Re: linux 5.14.3: free_user_ns causes NULL pointer dereference

From: Jordan Glover
Date: Wed Sep 29 2021 - 17:39:17 EST


On Wednesday, September 29th, 2021 at 5:36 PM, Alexey Gladkov <legion@xxxxxxxxxx> wrote:

> On Tue, Sep 28, 2021 at 01:40:48PM +0000, Jordan Glover wrote:
>
> > On Thursday, September 16th, 2021 at 5:30 PM, ebiederm@xxxxxxxxxxxx wrote:
> >
> > > Jordan Glover Golden_Miller83@xxxxxxxxxxxxx writes:
> > >
> > > > On Wednesday, September 15th, 2021 at 10:42 PM, Jordan Glover Golden_Miller83@xxxxxxxxxxxxx wrote:
> > > >
> > > > > I had about 2 containerized (flatpak/bubblewrap) apps (browser + music player) running . I quickly closed them with intent to shutdown the system but instead get the freeze and had to use magic sysrq to reboot.
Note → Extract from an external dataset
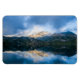 A flexible magnet with a beautiful nature photo. Mountains in the background with a calm still lake in the foreground. Serene and relaxing photograph.
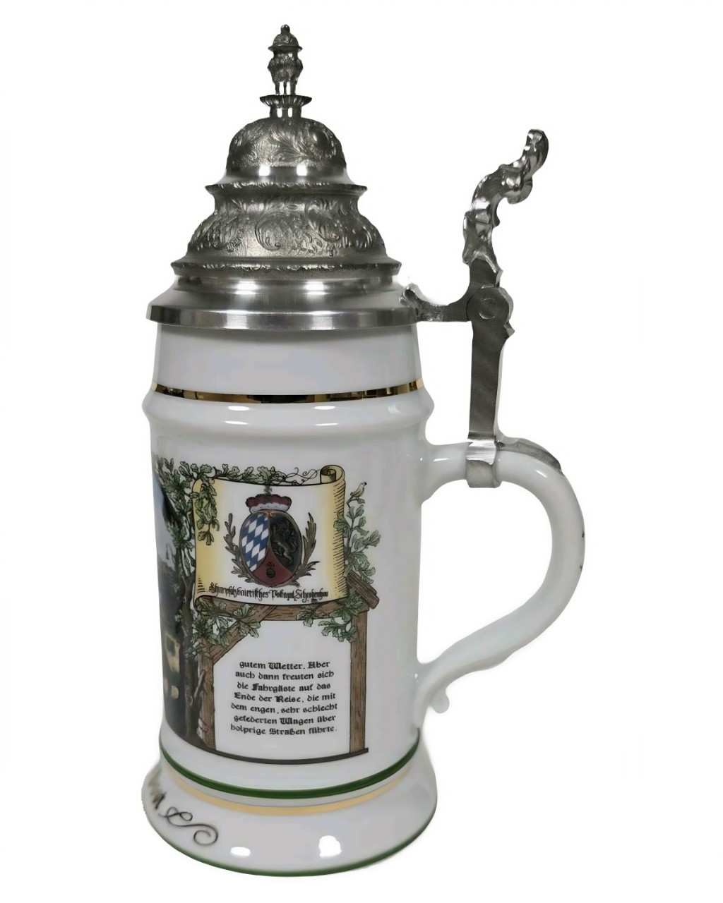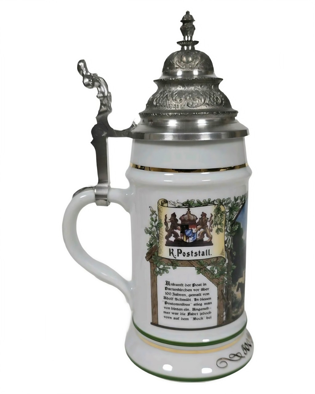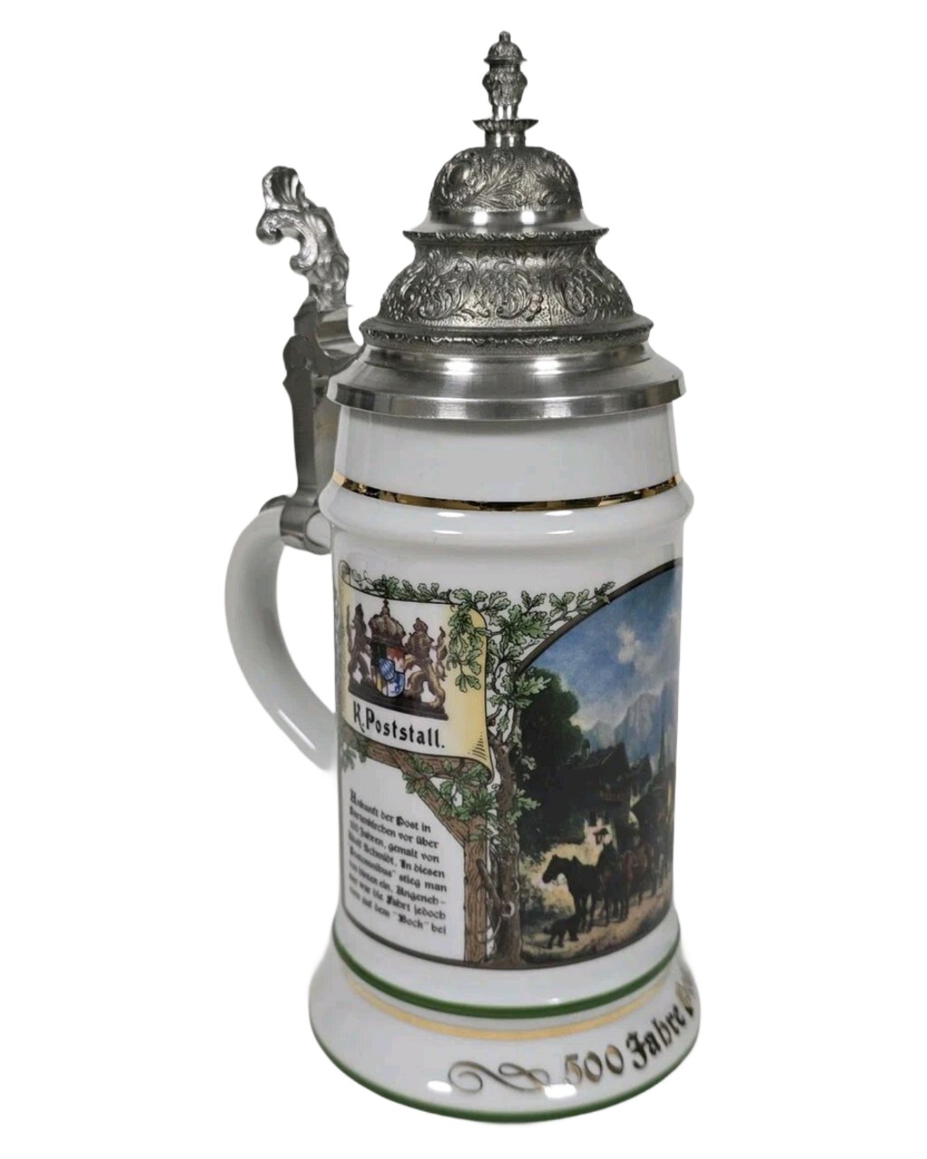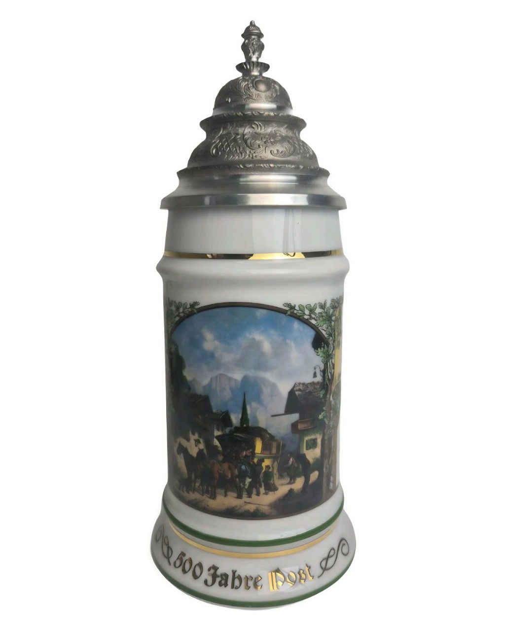 Эта коллекционная пивная кружка с крышкой посвящена 500-летию Почты Германии. Является частью серии из нескольких мотивов (обычно четырех), посвященных истории почты (500 лет почты).

System logs end with what I posted and before there is nothing suspicious.
> > > > >
> > > > > Maybe it's some random fluke. I'll reply if I hit it again.
> > > >
> > > > Heh, it jut happened again. This time closing firefox alone had such
> > > >
> > > > effect:
> > >
> > > Ok. It looks like he have a couple of folks seeing issues here.
> > >
> > > I thought we had all of the issues sorted out for the release of v5.14,
> > >
> > > but it looks like there is still some little bug left.
> > >
> > > If Alex doesn't beat me to it I will see if I can come up with a
> > >
> > > debugging patch to make it easy to help track down where the reference
> > >
> > > count is going wrong. It will be a little bit as my brain is mush at
> > >
> > > the moment.
> > >
> > > Eric
> >
> > As the issue persist in 5.14.7 I would be very interested in such patch.
> >
> > For now the thing is mostly reproducible when I close several tabs in ff then
> >
> > close the browser in short period of time. When I close tabs then wait out
> >
> > a bit then close the browser it doesn't happen so I guess some interrupted
> >
> > cleanup triggers it.
>
> I'm still investigating, but I would like to rule out one option.
>
> Could you check out the patch?


Thx, I added it to my kernel and will report in few days.
Does this patch try to fix the issue or make it easier to track?

Jordan

> diff --git a/kernel/ucount.c b/kernel/ucount.c
>
> index bb51849e6375..f23f906f4f62 100644
>
> --- a/kernel/ucount.c
>
> +++ b/kernel/ucount.c
>
> @@ -201,11 +201,14 @@ void put_ucounts(struct ucounts *ucounts)
>
> {
>
> unsigned long flags;
>
> - if (atomic_dec_and_lock_irqsave(&ucounts->count, &ucounts_lock, flags)) {
>
>
>
> - spin_lock_irqsave(&ucounts_lock, flags);
>
>
> - if (atomic_dec_and_test(&ucounts->count)) {
>
> hlist_del_init(&ucounts->node);
>
> spin_unlock_irqrestore(&ucounts_lock, flags);
> kfree(ucounts);
>
>
> - return;
> }
>
>
> - spin_unlock_irqrestore(&ucounts_lock, flags);
>
>
>
> }
>
> static inline bool atomic_long_inc_below(atomic_long_t *v, int u)
>
> ---------------------------------------------------------------------
>
> Rgrds, legion